Much earlier in my own journey as an ordained pastor I took to heart a story told by Eugene Peterson regarding the very first visit paid by his infant grandson, Andrew, during the years that Peterson’s son and daughter-in-law were seminary students at Princeton. Apparently Andrew had a fluorescent yellow tennis ball which he would pick up and throw across the room, providing endless delight for Eugene as he proudly watched this new grandson pulling himself forward on the carpeted floor of the living room. But after a full ten or fifteen minutes of this fascinating display of athletic prowess, the ball that Andrew had been crawling after rolled under a sofa and disappeared from his view. Eugene said the moment that yellow tennis ball vanished from Andrew’s sight; his young grandson stopped, sat back on his well-diapered bottom and began looking around for something else to do, as if there had never, ever been any tennis ball to chase across the room. Let me allow Peterson himself to tell what happened next:

“I looked to his mother, ‘Lynn, what’s wrong with Andrew? Why did he quit chasing the ball?’ Was there a missing gene in his DNA? Was he showing early signs of dyslexia and a short attention span? But Lynn, not bothering to look up from her book, said rather coolly to me, ‘Andrew has not yet acquired object permanence.’

‘What does that mean?’ asked Eugene. And in reply, his daughter-in-law answered, ‘It means that if he can’t see it, it doesn’t exist.’”

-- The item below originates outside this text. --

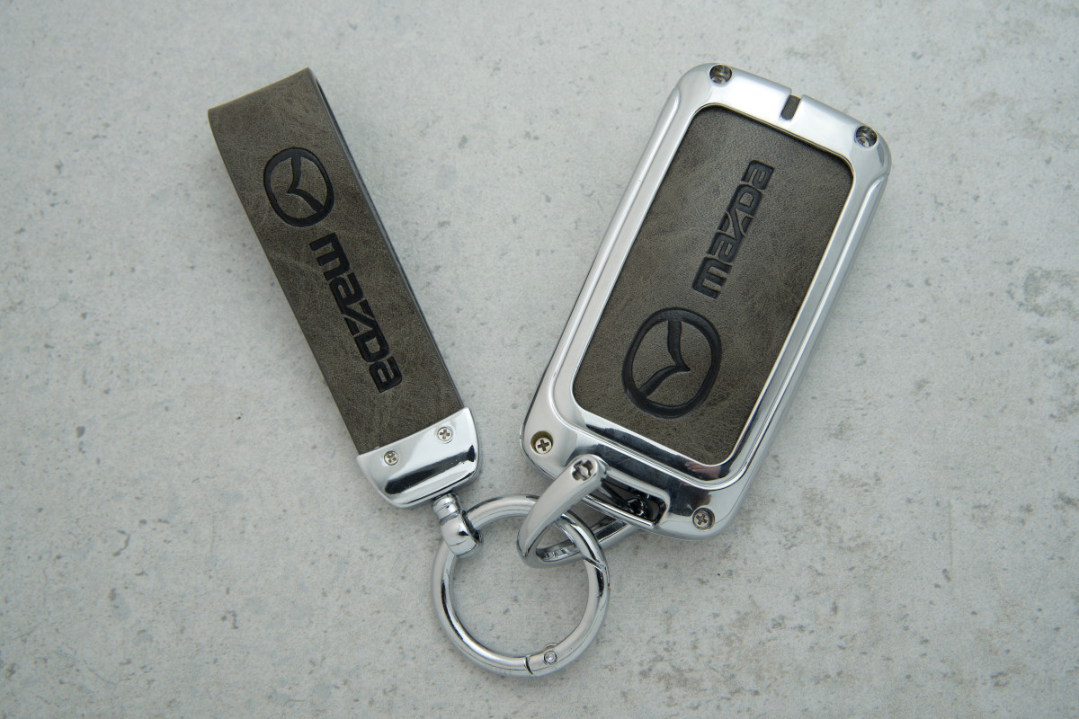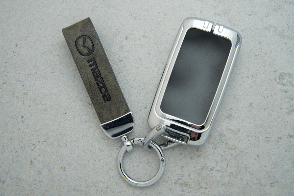 Чохол для ключа Mazda універсальний — витончений аксесуар, виготовлений із поєднання сірої шкіри та металу. Його дизайн поєднує елегантність і практичність, забезпечуючи надійний захист ключа від подряпин, пилу та механічних пошкоджень.

Eugene said, “I had never heard the phrase before, ‘object permanence.’ Lynn told me that during those early months of being a mother, virtually everything in Andrew’s life required immediate gratification – feeding, comforting, diapering. There was no waiting. There was no reality for Andrew other than what he could see and taste and smell and feel and hear. And most of what he saw, tasted, smelled, felt and heard was his mother. If she was going to be a good mother, she had to be there physically with her body. She also observed that if she continued being a good mother in that way, past a certain point, she would be a bad mother. Her good mothering would become bad mothering if Andrew never learned object permanence – if he never learned to deal with her absence in the same way he learned to deal with her presence. Most of Lynn, to say nothing of most of the [rest of the] world, was not at that moment accessible to his senses. If she insisted on being indispensable to Andrew, she would narrow his life to only what he could immediately see and know of her.” For Andrew to grow and mature into the person God fully intended him to be, he would have to acquire object permanence. Andrew needed to learn that some things still exist, even when you cannot see them.

Peterson said it took a few seconds for this new concept to sink in. And then he told his daughter-in-law,“Oh, I’ve got a whole congregation just like that.”